③ Online EC storage architecture
Contains several modules:
Access: data Access Access layer, while providing EC encoding and decoding capabilities
CM: cluster management layer, management node, disk, volume and other resources, also responsible for migration, repair, equalization, patrol tasks, the same cluster to support the coexistence of different EC coding mode
Allocator: responsible for volume space allocation
EC-Node: Stand-alone storage engine, responsible for the actual storage of data
④ Write the correction code
- Stream receive data
- Generate multiple data blocks on the data slice, and compute the check block at the same time
- Apply for a storage volume
- A data block or a check block is distributed concurrently to each storage node
Simple NRW protocol is used to write the data, and the minimum number of copies is guaranteed. In this way, the request will not be blocked when the normal node and the network fail, and the availability is guaranteed The data receiving, segmentation and check block coding are asynchronous pipelined to ensure high throughput and low delay.
⑤ Read the correction code
The NRW model is also adopted for data reading.

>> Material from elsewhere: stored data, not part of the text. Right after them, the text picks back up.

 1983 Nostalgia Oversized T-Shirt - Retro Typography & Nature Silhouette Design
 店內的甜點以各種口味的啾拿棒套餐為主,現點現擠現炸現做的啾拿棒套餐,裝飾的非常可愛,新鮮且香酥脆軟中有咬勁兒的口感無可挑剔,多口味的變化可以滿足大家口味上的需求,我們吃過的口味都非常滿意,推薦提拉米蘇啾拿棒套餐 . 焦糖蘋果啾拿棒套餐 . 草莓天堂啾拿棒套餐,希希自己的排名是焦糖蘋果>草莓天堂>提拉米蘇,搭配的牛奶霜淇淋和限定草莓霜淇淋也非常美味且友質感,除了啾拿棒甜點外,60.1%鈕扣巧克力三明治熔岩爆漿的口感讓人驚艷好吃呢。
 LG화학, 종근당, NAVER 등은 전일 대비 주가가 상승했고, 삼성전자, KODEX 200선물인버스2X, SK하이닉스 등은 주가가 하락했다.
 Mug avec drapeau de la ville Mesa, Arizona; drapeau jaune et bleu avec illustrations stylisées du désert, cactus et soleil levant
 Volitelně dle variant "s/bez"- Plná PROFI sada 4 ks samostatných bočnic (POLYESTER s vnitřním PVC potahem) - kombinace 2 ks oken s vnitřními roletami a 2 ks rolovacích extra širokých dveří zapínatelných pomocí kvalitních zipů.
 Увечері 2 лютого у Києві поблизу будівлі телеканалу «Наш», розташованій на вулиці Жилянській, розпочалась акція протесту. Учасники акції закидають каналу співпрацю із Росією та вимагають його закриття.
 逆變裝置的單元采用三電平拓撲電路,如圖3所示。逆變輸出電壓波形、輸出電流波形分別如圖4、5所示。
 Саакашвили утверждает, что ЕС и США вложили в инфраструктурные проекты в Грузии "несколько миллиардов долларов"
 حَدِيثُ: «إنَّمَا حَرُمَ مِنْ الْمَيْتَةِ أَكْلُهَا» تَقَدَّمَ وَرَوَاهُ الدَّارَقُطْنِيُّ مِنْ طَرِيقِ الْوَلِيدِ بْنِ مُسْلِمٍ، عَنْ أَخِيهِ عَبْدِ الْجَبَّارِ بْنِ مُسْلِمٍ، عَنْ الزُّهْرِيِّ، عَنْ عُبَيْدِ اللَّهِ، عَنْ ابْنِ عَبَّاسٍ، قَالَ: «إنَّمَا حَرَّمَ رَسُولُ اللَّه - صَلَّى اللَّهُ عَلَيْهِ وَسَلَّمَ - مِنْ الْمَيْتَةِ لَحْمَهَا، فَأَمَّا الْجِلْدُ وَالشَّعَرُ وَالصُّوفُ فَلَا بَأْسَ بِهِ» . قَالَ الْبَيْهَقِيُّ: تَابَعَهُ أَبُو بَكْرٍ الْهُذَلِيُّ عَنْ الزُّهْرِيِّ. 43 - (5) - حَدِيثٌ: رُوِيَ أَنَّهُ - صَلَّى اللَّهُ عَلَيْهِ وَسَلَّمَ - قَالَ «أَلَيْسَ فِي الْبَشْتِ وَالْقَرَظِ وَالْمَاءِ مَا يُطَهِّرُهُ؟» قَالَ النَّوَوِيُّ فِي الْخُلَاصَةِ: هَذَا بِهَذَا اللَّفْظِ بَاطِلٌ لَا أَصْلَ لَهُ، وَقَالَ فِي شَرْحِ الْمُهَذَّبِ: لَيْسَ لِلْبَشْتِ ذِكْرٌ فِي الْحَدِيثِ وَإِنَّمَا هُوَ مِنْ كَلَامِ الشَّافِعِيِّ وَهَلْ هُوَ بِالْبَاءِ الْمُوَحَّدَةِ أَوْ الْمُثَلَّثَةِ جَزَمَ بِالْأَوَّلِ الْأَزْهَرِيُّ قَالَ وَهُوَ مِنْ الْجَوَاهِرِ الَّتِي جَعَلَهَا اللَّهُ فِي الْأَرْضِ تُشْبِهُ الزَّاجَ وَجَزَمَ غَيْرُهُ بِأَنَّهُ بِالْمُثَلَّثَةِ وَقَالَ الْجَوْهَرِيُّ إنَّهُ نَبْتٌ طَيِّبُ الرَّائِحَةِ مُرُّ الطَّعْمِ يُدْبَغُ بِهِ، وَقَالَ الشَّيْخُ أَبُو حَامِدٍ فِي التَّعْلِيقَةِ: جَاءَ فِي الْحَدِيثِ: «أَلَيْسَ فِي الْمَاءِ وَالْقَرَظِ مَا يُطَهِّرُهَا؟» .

Taking the K = m = 2 encoding mode as an example, as long as two blocks are read correctly (either data block or check block) , the original data can be obtained by Fast RS decoding In addition, to improve availability and reduce latency, Access preferentially reads the nearby or low-load storage node EC-Node.
It can be seen that online EC combined with NRW protocol ensures strong data consistency, high throughput and low latency, which is suitable for big data business model.
3. Data Lake access speeds up
One of the significant benefits of the data lake architecture is cost savings, but the separate storage and computing architecture also faces bandwidth bottlenecks and performance challenges, so we also offer a number of access acceleration techniques:
① Multi-level cache capability
- First-level cache: Local Cache, which is co-deployed with computing nodes, supporting metadata and data cache, supporting memory, PMEM, NVme, HDD different types of media, characterized by low access delay, but less capacit
- Second-level cache: Distributed Cache, flexible copy count, location-aware, user/bucket/object-level active and passive cache support, and data obsolescence policy can be configured
The multi-level caching strategy had a good acceleration effect in our ML training scenario.
② Predicate push-down operation
In addition, the storage data layer also supports predicate push-down operation, which can significantly reduce the amount of data flow between storage and computing nodes, reduce resource overhead and improve computing performance
There is still a lot of detailed work to speed up the data lake, and we are in the process of continuous improvement.
Currently CBFS-2. Version X is open source, and version 3.0, which supports key features such as online EC, Lake Acceleration, and multi-protocol access, is expected to be open source in October of the 2021; Future CBFS will increase the storage HDFS cluster directly mount (no data migration) , hot and cold data intelligent hierarchical features, in order to support big data and AI under the original structure of storage data smooth into the lake.